This exercise calls for retyping every line below exactly, with the images omitted.
##########
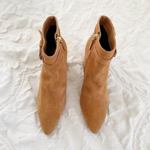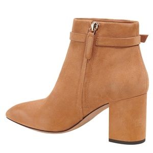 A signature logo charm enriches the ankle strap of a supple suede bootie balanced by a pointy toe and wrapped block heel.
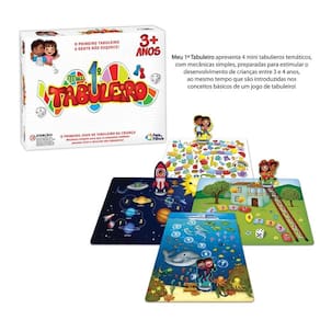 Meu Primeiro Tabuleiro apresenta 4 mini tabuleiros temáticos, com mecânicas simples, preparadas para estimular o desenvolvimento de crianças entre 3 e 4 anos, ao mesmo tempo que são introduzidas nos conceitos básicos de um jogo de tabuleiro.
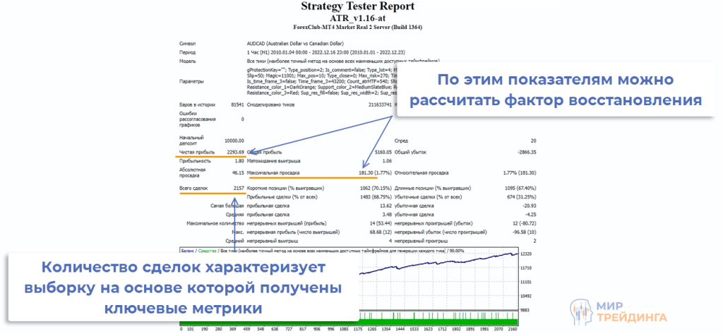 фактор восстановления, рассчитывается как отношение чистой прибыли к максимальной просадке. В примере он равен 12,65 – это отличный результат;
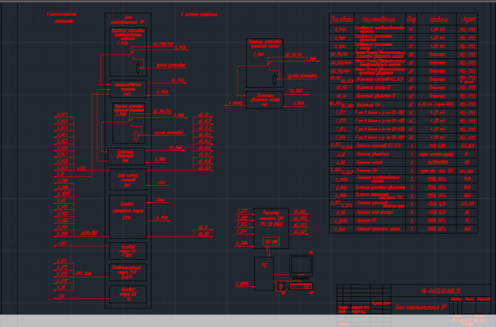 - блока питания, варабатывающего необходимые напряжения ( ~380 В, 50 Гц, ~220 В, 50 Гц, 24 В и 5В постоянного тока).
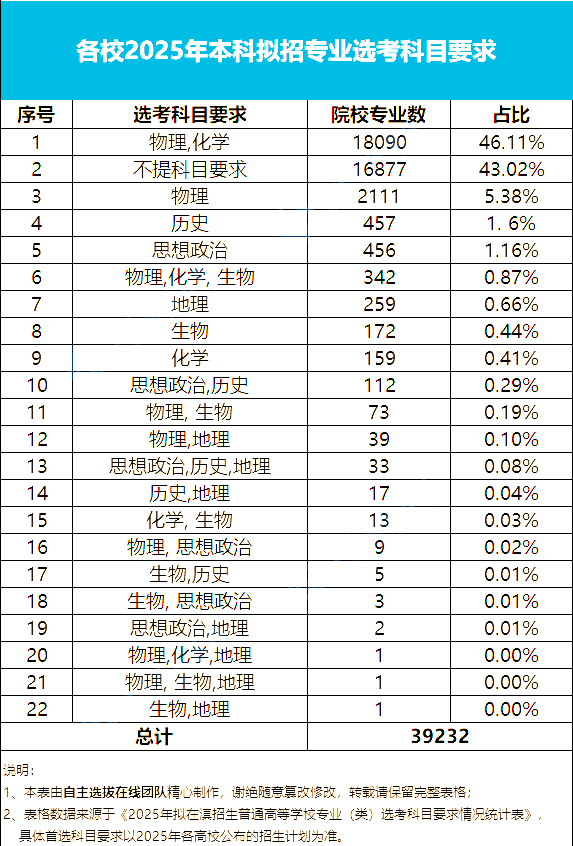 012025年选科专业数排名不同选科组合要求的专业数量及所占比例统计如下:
##########
**FINISHED EXERCISE**
 A signature logo charm enriches the ankle strap of a supple suede bootie balanced by a pointy toe and wrapped block heel.
 Meu Primeiro Tabuleiro apresenta 4 mini tabuleiros temáticos, com mecânicas simples, preparadas para estimular o desenvolvimento de crianças entre 3 e 4 anos, ao mesmo tempo que são introduzidas nos conceitos básicos de um jogo de tabuleiro.
 фактор восстановления, рассчитывается как отношение чистой прибыли к максимальной просадке. В примере он равен 12,65 – это отличный результат;
 - блока питания, варабатывающего необходимые напряжения ( ~380 В, 50 Гц, ~220 В, 50 Гц, 24 В и 5В постоянного тока).
 012025年选科专业数排名不同选科组合要求的专业数量及所占比例统计如下:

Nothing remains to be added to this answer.